◆ WORK ORDER
The result should be the lines from the one holding "Number of lectures with" to the final line of the records below, repeated exactly and with no pictures.

Dataset records:
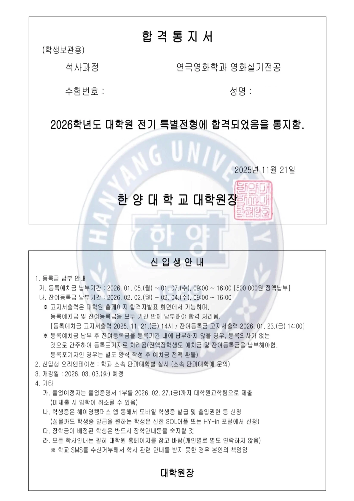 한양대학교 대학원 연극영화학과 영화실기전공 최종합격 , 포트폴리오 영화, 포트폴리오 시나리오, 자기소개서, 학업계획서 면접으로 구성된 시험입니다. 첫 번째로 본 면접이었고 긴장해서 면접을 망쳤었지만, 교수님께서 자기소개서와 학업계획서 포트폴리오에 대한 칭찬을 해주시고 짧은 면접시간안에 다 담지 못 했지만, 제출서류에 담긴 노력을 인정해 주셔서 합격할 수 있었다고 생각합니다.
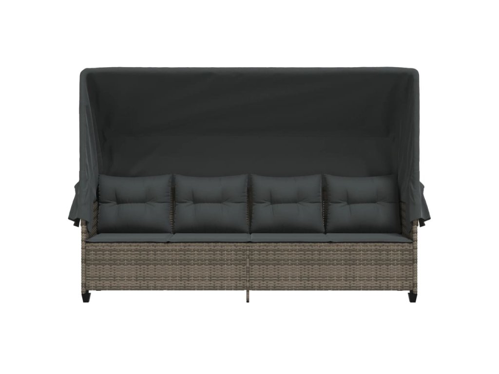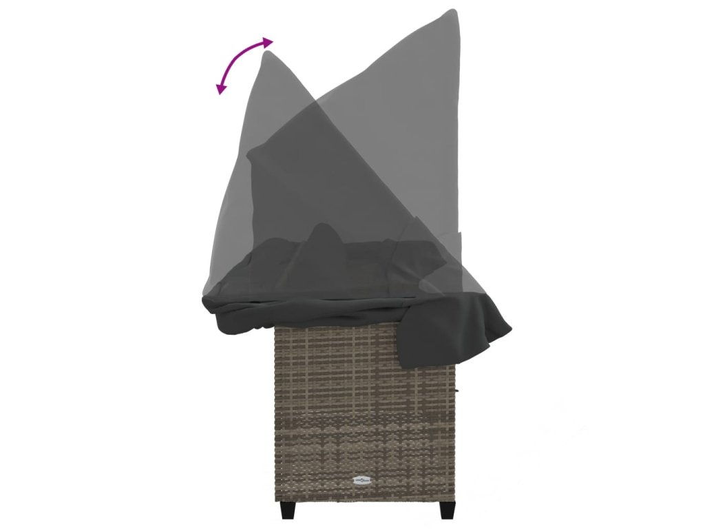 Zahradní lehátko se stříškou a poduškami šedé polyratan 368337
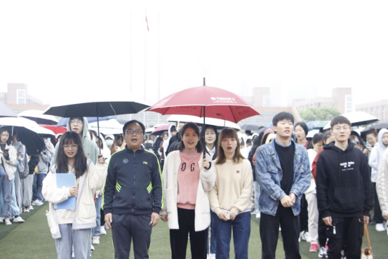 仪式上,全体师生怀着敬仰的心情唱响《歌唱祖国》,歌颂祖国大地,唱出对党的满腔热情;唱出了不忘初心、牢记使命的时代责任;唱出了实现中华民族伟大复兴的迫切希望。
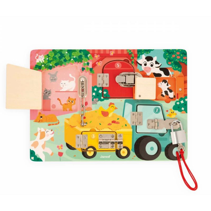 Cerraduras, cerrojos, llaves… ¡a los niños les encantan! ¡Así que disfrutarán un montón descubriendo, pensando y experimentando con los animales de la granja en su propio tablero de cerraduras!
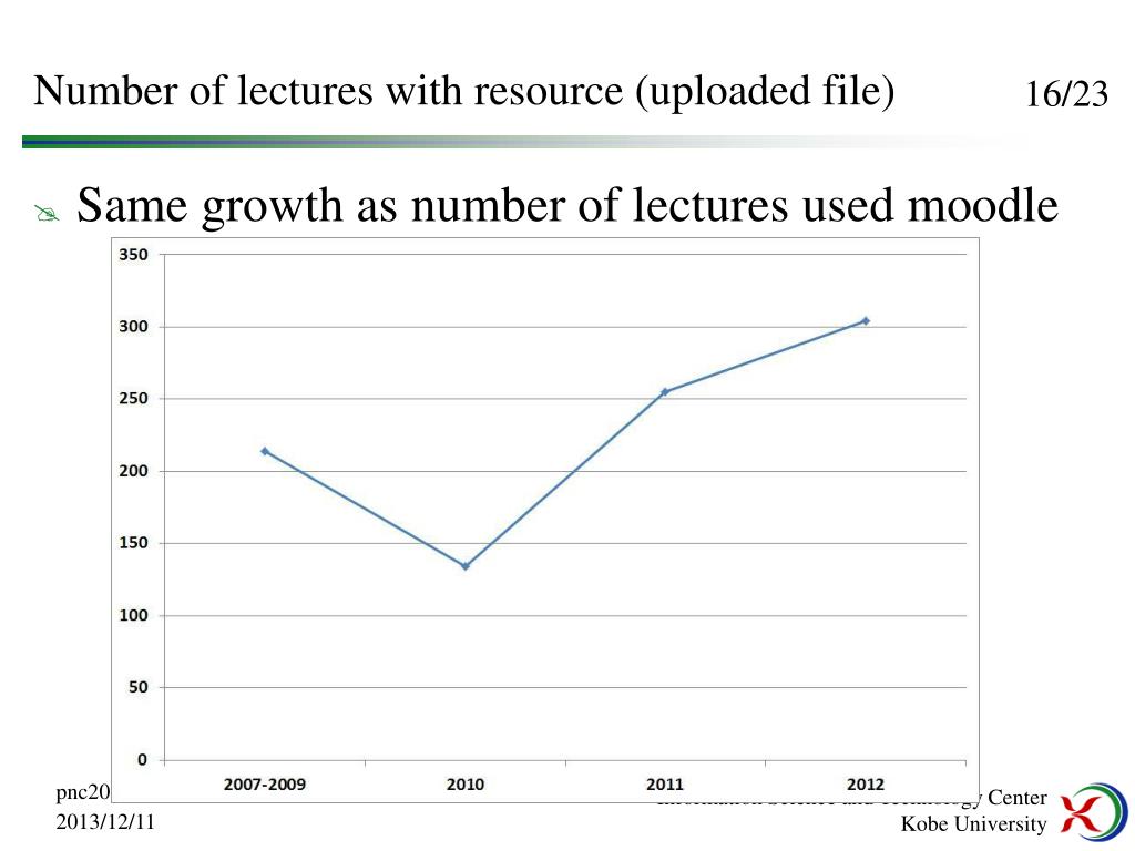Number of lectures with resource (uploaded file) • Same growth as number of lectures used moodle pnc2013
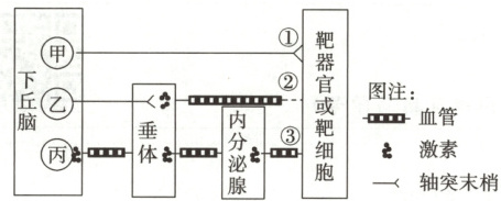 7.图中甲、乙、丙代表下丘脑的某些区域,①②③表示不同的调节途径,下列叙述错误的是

◆ ANSWER SPACE
Number of lectures with resource (uploaded file) • Same growth as number of lectures used moodle pnc2013
 7.图中甲、乙、丙代表下丘脑的某些区域,①②③表示不同的调节途径,下列叙述错误的是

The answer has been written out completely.